In this section, we present the proposed migration framework based on the blockchain system in detail.

3.1 Migration model

We consider a user moving in a 2-D geographic zone accessing randomly distributed fixed/UAV-assisted edge cloud servers. These servers are distributed in a 3-D space. All possible locations of the user consist of set L, where L is a finite set that can be arbitrarily large. In each time slot, the user location \(\textit{l}\in \textit{L}\) can be represented as a 2-D vector as it moves in a 2-D space, i.e., (ab). In addition, we assume each user’s location has an edge facility that can provide services in the cellular network, and the user’s location and the 2-D vectors (i.e., height is 0) of the edge facility are overlapping. Thus, \( \Vert l_1-l_2\Vert \) is as the distance between \(l_1\) and \(l_2\). Note that the distance metric is not the Euclidean distance but the number of hops from one edge facility to another. To facilitate differentiation, we denote the user’s location at the time slot t as \(\mu _t=(a_{\mu },b_{\mu })\vert c_{\mu }\), where \(c_{\mu }\) is the height of users, and \(c_{\mu }=0\). Similarly, the location of the current service facility at the time slot t can be represented as \(h_t=(a_h,b_h)\vert c_h\). Therefore, we use \(s_t=\{\mu _t,h_t\}\) to indicate the real-time status of the system and the next time status is \(s_{t+1}=\{\mu _{t+1},h_{t+1}\}\).

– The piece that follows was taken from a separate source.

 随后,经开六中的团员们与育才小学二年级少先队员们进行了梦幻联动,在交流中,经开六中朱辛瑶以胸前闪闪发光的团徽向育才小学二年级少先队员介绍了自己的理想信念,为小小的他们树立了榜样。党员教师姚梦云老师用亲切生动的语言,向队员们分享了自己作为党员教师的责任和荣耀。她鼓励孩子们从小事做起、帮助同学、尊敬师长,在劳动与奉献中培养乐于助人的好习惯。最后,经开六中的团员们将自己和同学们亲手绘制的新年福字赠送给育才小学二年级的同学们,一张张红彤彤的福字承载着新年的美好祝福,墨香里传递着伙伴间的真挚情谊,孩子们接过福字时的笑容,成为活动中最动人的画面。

According to the Markov mobility model, the users’ positions remain fixed for the duration of a time slot and only change from one time slot to the next. The time slot model is similar to the sampling in continuous time, where the duration of the time slot can be variable. At the beginning of each time slot, the edge facility has the following two options:

1) Migrate service from \(h_t\) to other appropriate location \(h_t^{'}\), which will result in a migration cost M and security cost B (details are elaborated in the subsequent section). Migration cost M is defined as non-zero service interruption time similar to [22, 23]. It is related to the size of the server’s random access memory (RAM) and the available bandwidth [24, 25]. As each migration entails a certain cost, we assume that it is also related to the number of migrations. We use M(x) to represent total migration cost, where \(x=\Vert h_t-h_t^{'}\Vert \) is the distance between \(h_t\) and \(h_t^{'}\). After completing the migration, the system state changes as \(s_t^{'}=\{\mu _t,h_t^{'}\}\), and the next time slot service location is \(h_{t+1}=h_t^{'}\).

2) No service migration. State maintained at \(s_t=\{\mu _t,h_t\}\) and the next time slot state \(s_{t+1}\) will be changed as \(\{\mu _{t+1},h_{t+1}=h_t\}\), hence no migration cost.

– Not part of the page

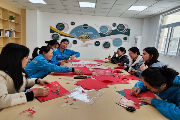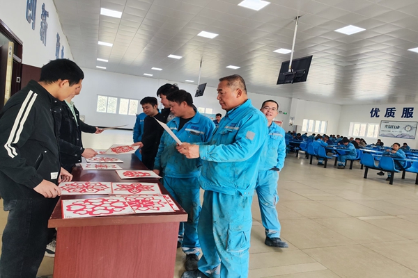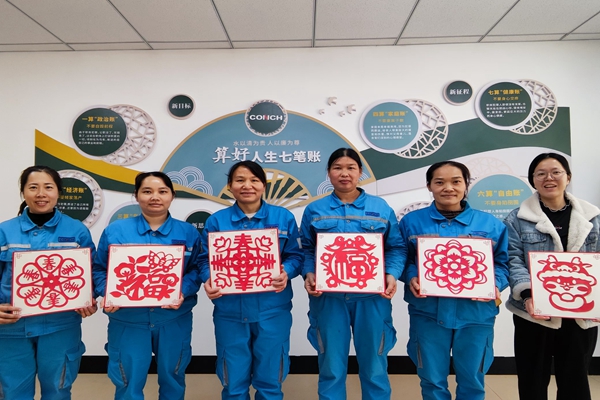 “想不到今年還能領(lǐng)到手工剪裁的窗花,我只有在小時(shí)候外婆給我剪過(guò),讓我想起小時(shí)候的春節(jié),真是越來(lái)越有年味兒了!”一位生產(chǎn)崗位的員工一邊挑選著窗花一邊說(shuō)道。

However, if a user is not at the location of the current service facility, there also exists a data transmission cost of T after possible migration. In general, in a 2-D geographical space, transmission cost is distance-dependent and can capture the delay of data transmission such as transmission delay, propagation delay and queuing delay. It can be defined as T(y), where y is the distance between the user location and the current service location. In traditional 2D service migration, y is calculated as the number of hops between the user location and the current service location, i.e., \(\Vert h_t^{'}-\mu _t\Vert \). Furthermore, queuing delay represents the time a user requests in the request queue to queue in line for a free resource. It is sensible to assume that more users in the same base station range may have more service requests resulting in higher queuing delays and transmission costs. Since UAV-assisted base station has wider coverage and may serve more clients at the same time. Therefore, the distance y in 3-D scenarios can be rewritten as:

$$\begin{aligned} y=d+\sum _{i=1}^{e}\alpha c_i, \end{aligned}$$
(1)

where d and e are the numbers of fixed base stations and UAV-assisted base stations in the route respectively. We have \(d+e=\Vert h_t^{'}-\mu _t\Vert \) in 3-D scenarios. Further, in Eq. (1), \(\alpha \) is the weighting parameter and \(c_i\) is the height of UAVs. As UAV-based base stations provide a larger coverage area hence requiring longer propagation distances and serving more users. These characteristics are merely due to the addition of the UAV altitude parameter. The change in altitude can thus affect the propagation delay and the transmission delay. Moreover, it is shown that for service migration, the major factors affecting the migration delay are the transmission and propagation delays. Therefore, we only consider the height parameters in this paper to fit the 3-D service migration scenario and to reduce the modelling complexity.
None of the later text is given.